National
Custodial deaths go on as perpetrators are left unpunished
Advocacy Forum’s 2022 report documents 39 deaths since 2018 when the new Penal Code came into force.Binod Ghimire
On August 9, two inmates of the Sankhuwasabha prison succumbed to injuries after they were thrashed by the police personnel guarding them and other prisoners. Binod Tolagni, 19, from the district headquarters, Khandbari, and Akash Balami, 28, from Kakani of Nuwakot district, who were serving their terms, were pronounced dead at a local hospital.
A study by the Informal Sector Service Centre (Insec), a non-governmental organisation working in rights advocacy, suggested that the two were beaten to death by prison guards after a failed attempt to flee the prison. On August 9, the two broke the cell window but were caught by the police before they could escape. The police and fellow inmates beat them indiscriminately, according to the report. According to the report, residents of the settlements near the jail had heard their screams.
A separate government probe, too, has drawn a similar conclusion. The Department of Prison Management probe suggests that at least 12 people, including the police personnel deployed under the command of Assistant Sub-inspector Laxmi Chaudhary, were involved in the beating. Though two of the prison staff, Indra Narayan Yadav and Dhak Lal Karki, have been arrested, further action is yet to be taken.
On August 20, Kamal Basnet, 18, in the Bhaktapur-based juvenile correction centre died under mysterious circumstances. Basnet, who hails from ward 3 of Manthali Municipality of Ramechhap district and had been suffering from fever, was rushed to the nearby Nagarik Hospital after being found unconscious. Another study by Insec blames the authorities’ negligence in the treatment of Basnet for his death.
After a preliminary investigation, the National Human Rights Commission found the deaths—both in Sankhuwasabha and Bhaktapur—suspicious. “It is possible that the inmates in Sankhuwasabha died due to torture, while the death in Bhaktapur also does not look natural,” Murari Kharel, acting secretary at the commission, told the Post. “We are studying both the incidents thoroughly.”
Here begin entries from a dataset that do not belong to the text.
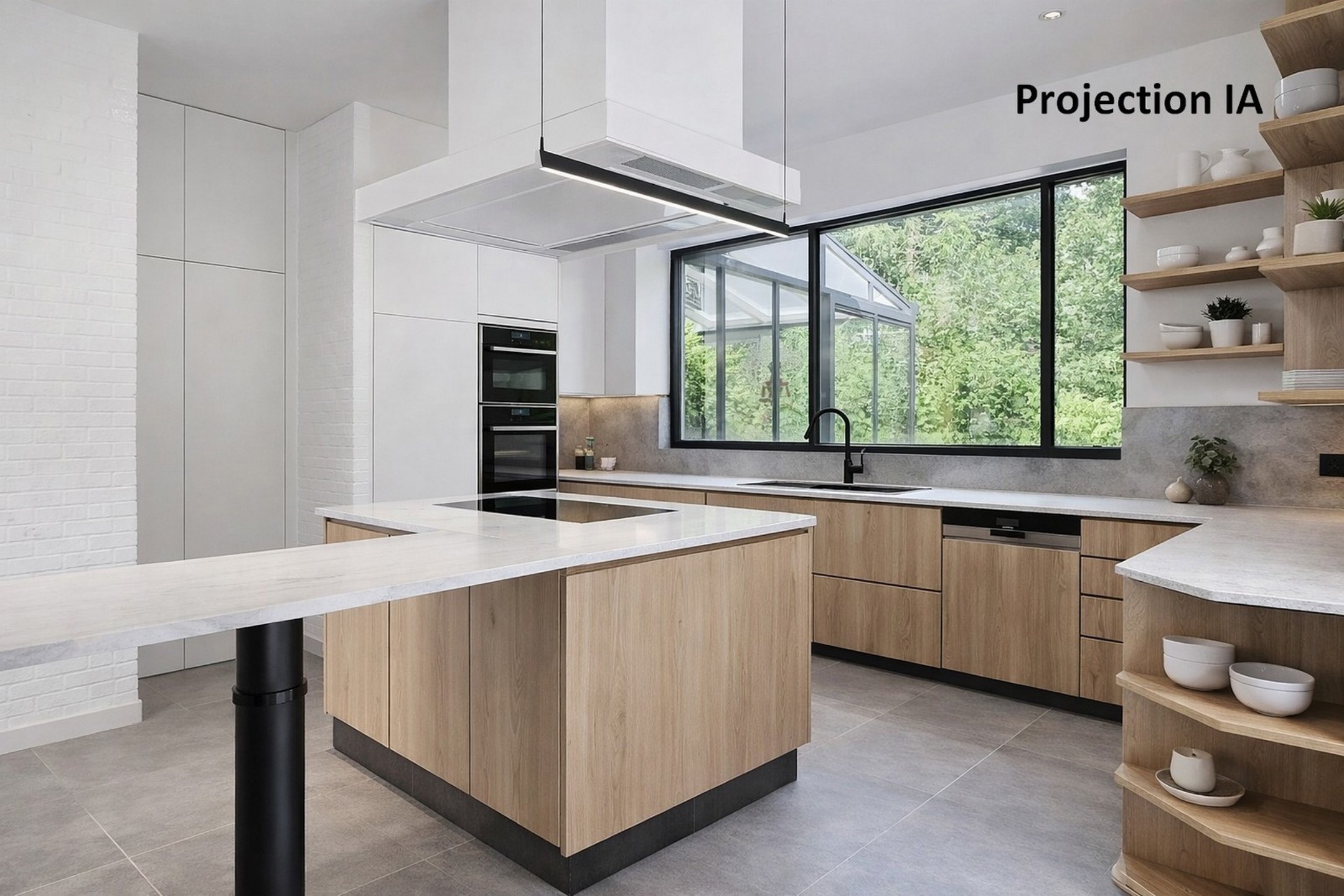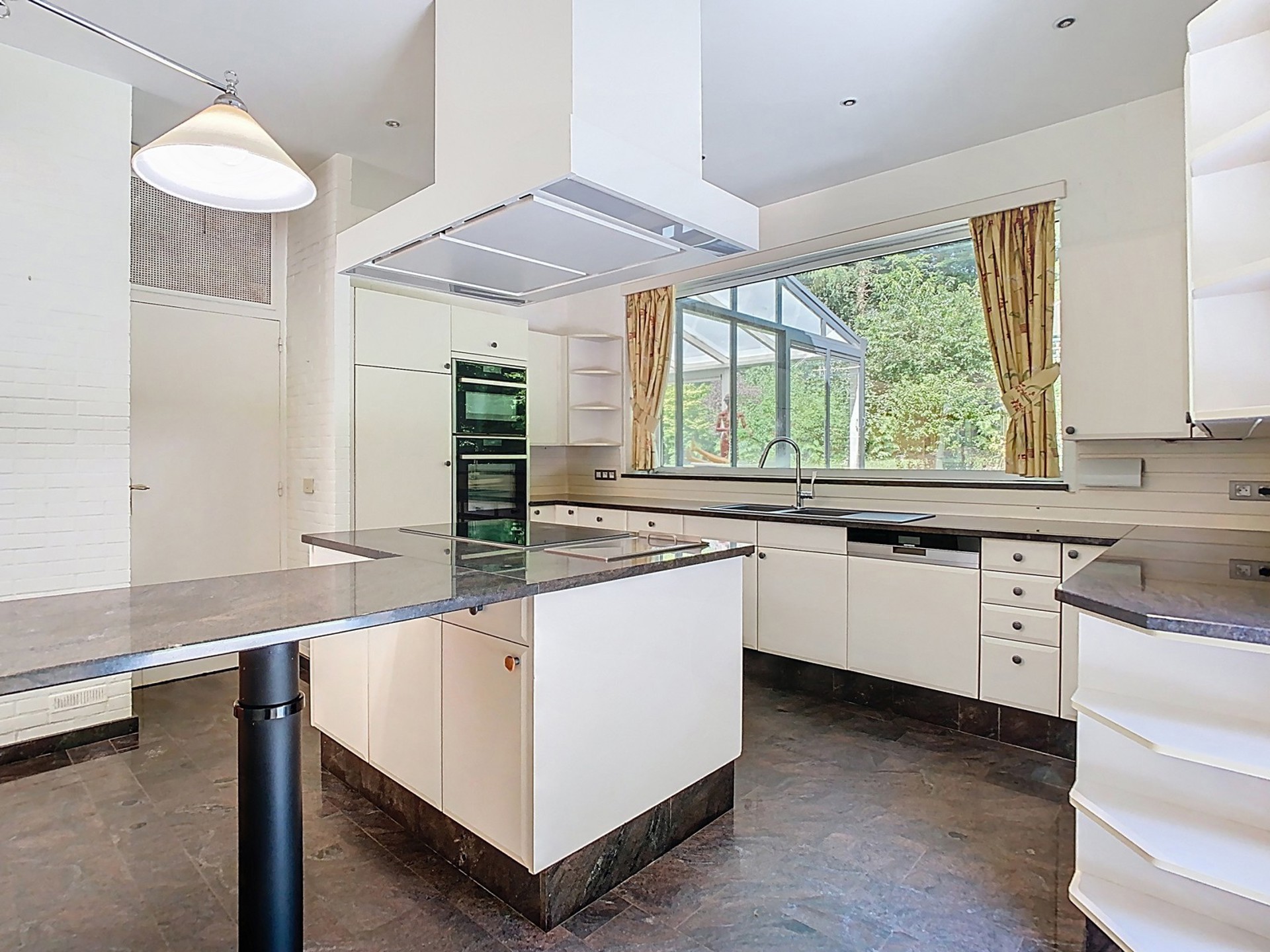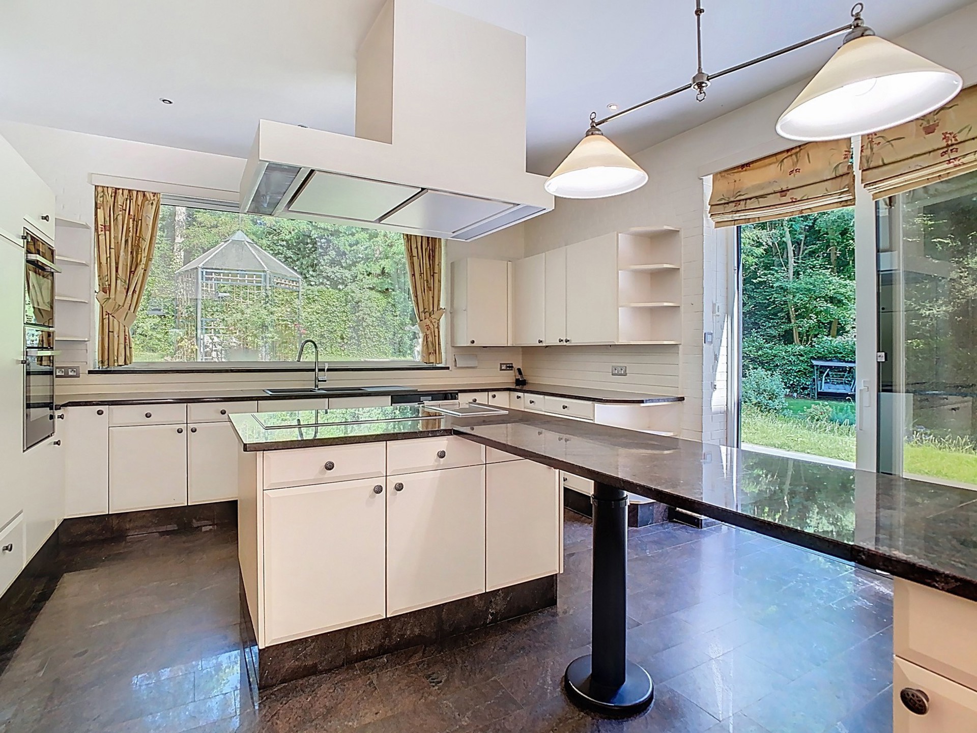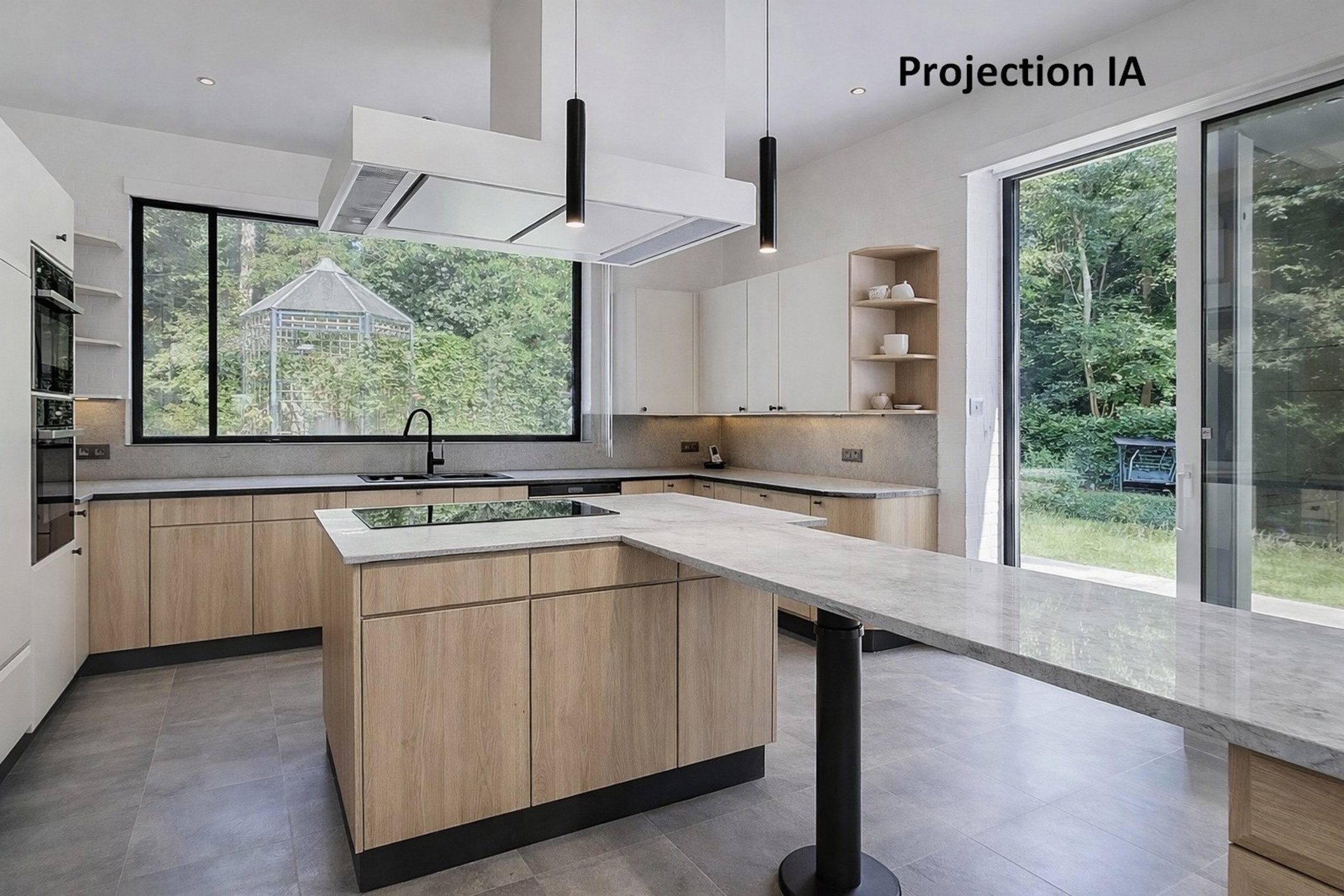 Cuisine super équipée de 19 m² agrémentée d’un convivial coin à déjeuner ainsi qu’un îlot central, donnant accès à la terrasse et au jardin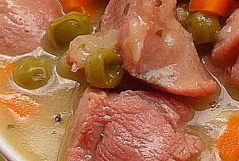- Añadimos la carne de nuevo, las zanahorias cortadas en taquitos, los guisantes, el vaso de sidra, un poco de agua (o caldo de ave) y dejamos cocer tapada a fuego suave hasta que esté tierna.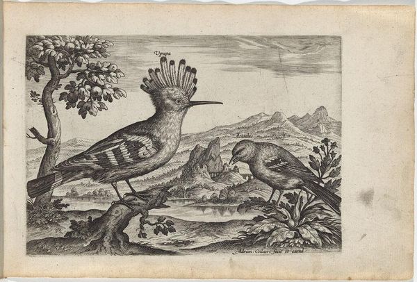 Editor: This is Adriaen Collaert's "Halcyon and Herron," an undated print held at the Harvard Art Museums. The intricate lines depicting the birds and landscape are really striking. What stands out to you about this piece? Curator: Consider the labor involved in this detailed engraving. The copperplate would have been meticulously worked. How might the cost and availability of such prints impact who had access to representations of the natural world? It democratizes it, somehow. Editor: That's a great point. It makes you wonder about the role of prints in disseminating knowledge and shaping perceptions of nature back then. Curator: Precisely. And what about the commodification of nature implied by the printing process itself? This was as much about commerce as it was about art. Editor: I hadn't considered that, but it's fascinating to think about how economics and art are intertwined, even in something that appears to be a simple depiction of birds. Thanks!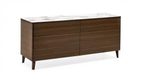 commode modèle BOSTON à 6 tiroirs pour la chambre, avec structure en bois. BOSTON est une commode au design linéaire et moderne. Les tiroirs sans poignées s’ouvrent grâce à un système « push-pull » et sont équipés d’un mécanisme de fermeture amortie. Les pieds sont en bois dans une finition coordonnée ou en aluminium, au choix.
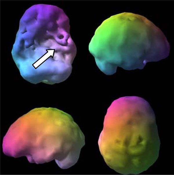 An example of an inmate's SPECT Scan: Shriveled appearance and bumps that signal an unhealthy brain, leading to an unhealthy state of mind.

Various reports suggest that custodial deaths have been increasing in Nepal, and many are extrajudicial. In its report published in 2022, the Advocacy Forum documented 39 cases of such deaths starting in 2018 when the new Penal Code came into force. Of the total deaths, 16 were reported in police custody, one at the hands of an army officer, 21 in prison, and one at a juvenile correction centre. Though police say suicide is the cause of most deaths, the report points out torture and late or insufficient medical care as the primary causes.
The report also showed that people from marginalised communities were most prone to such deaths. “Marginalised communities remain ever vulnerable to discrimination based on caste and social status at the hands of police,” the report reads. “At least 11 out of 21 deaths in prisons involved detainees from Dalit or other poor communities.” Suicide by hanging is often used as a cover-up for torture or other inhuman treatment in police custody, it adds.
The Advocacy Forum suggested that the government set up an independent monitoring mechanism to properly investigate any incidents of deaths in custody to establish the cause of death and any failures on the part of the authorities involved, and hold those responsible to account. The mechanism should be impartial, independent and effective, ensuring that alleged perpetrators have no influence on the investigation and investigators have no records of being involved in violations, according to the Advocacy Forum.
Bikash Basnet, director at the Advocacy Forum, said the incidents of custodial deaths and extrajudicial killings have continued regularly this year. “The tragedy is that those involved in such crimes are seldom booked,” Basnet told the Post.
As Basnet points out, the government has been reluctant to take action against the officers involved in extrajudicial killings, even in cases that the constitutional human rights commission had investigated.
The commission has concluded that a team led by Deputy Superintendent Rugam Bahadur Kunwar arrested Gopal Tamang, 23, of Sindhupalchok, and Ajay Tamang, 24, of Nuwakot, and shot them dead at Doleshwar jungle in Suryabinayak, Bhaktapur on August 6, 2018. Officers claimed they were killed in “an encounter” as the police had fired at them in self-defence after the duo tried to attack the police personnel searching for Nishan Khadka—an 11-year-old abducted from Kandaghari. But the commission’s investigation found otherwise.
In another investigation, it was found that Kumar Paudel, Sarlahi district in-charge of the Netra Bikram Chand-led Communist Party of Nepal, too, was killed extrajudicially. Though authorities had claimed that he died in police action on June 20, 2019 in Lalbandi of Sarlahi, the commission had found that a police team led by Inspector Krishnadev Prasad Sah had killed Paudel.
The commission had recommended legal action against Sah and senior constables Binod Sah and Satya Narayan Mishra for their involvement in the killing. The commission also asked that a warning be issued to Inspector Kiran Neupane and Sub-inspector Surya Kumar Karki as they gave false reports about Paudel’s killing.
Despite the legal obligations, however, the government hasn’t abided by the recommendations.